Be sure to follow the related videos. Here's one about MacBook Air:

Microsoft's new operating system

Ballmer is announcing a new operating system, Windows Cloud, at the company’s annual developer conference later this month, on a series of presentations.

Yesterday he did it again in Lisboa at Dreamway - unfortunately I couldn't attend, but everyone that I talked with was quite excited about it.

Microsoft has been working on the software + services for long (for instance in devCatharsis: Microsoft is Googling up, Software+Services != Software as a Service and Microsoft Architect Forum 2007 :: Session1: Software+Services), but this is the first time it is branded as a Cloud Operation System. Will the PDC show us a really all new concept, or just a service placeholder for connecting OSs to?

Pararede branding

On the early 2000s I remember having a conversation with a friend about name branding, and used Pararede as an example.

Pararede started its business on networking infrastructures, hence the name (in english something like "For-net"). But the company grew out of its early market and the name just stopped making sense.

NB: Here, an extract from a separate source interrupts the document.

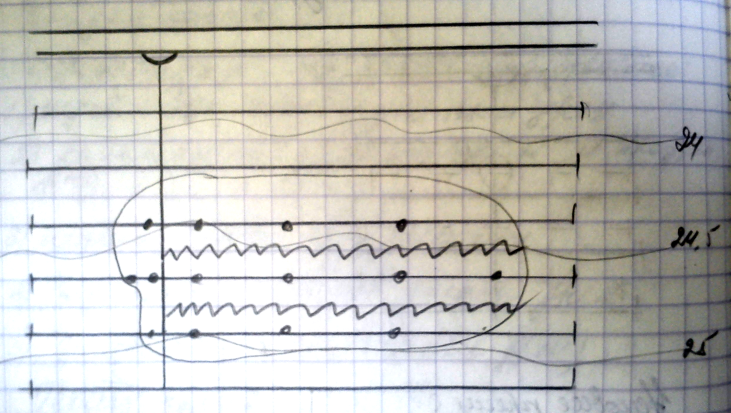 2 Первоначальное осушение-открытая сеть канала с расстоянием между ними 200 м. Мелкозалежные торфяники, подстилаемые пылеватым, мелким песком с Кф=1..3.Используеться в севообороте.Предлогается схема реконструкции открытой осушительной сети на системы выборочного дренажа

On that conversation I advocated Pararede should change its name. My friend disagreed, as a brand's name is a value asset that takes ages to build.

Well, it seems like Pararede opted to change it's name after all. Now it's called Glintt. How strange, a Web2 like name on a company like Pararede...

If you're reading this post, my friend, I'm imaging your reaction: "this doesn't mean they are right, they could be making a big mistake". Well, you're right, Borland did go forth and back to Inprise, only time will tell.


Well, Glintt is not really Pararede rebrandind, is more like the result of Pararede and Consiste merge. Still Pararede is acquiring Consiste...


A common MVC mistake

One of the first errors I've detected on my early MVC code was the tendency to load some list of values directly on the view. For instance:

    <%= Html.FormHelper().Select(
new Hash(selectedValue => new[] { ViewData.Model.Item.MyListOfValuesID }, firstOption => "")

This loading is clearly a controller's responsibility, but I've found it very easy and natural code to write. Too easy.

That brings's me a question: aren't we making a design error when we write controller and views on the same assembly? Shouldn't we make sure all behavior a view could get their hands on should be given by controllers, and never by services? We do it for ages on other layers, for instance we don't expose data layers to UI.

That said, it's really strange no MVC project I got my hands on has ensured this isolation. Probably because these project are all demos, and demos have to be short and concise.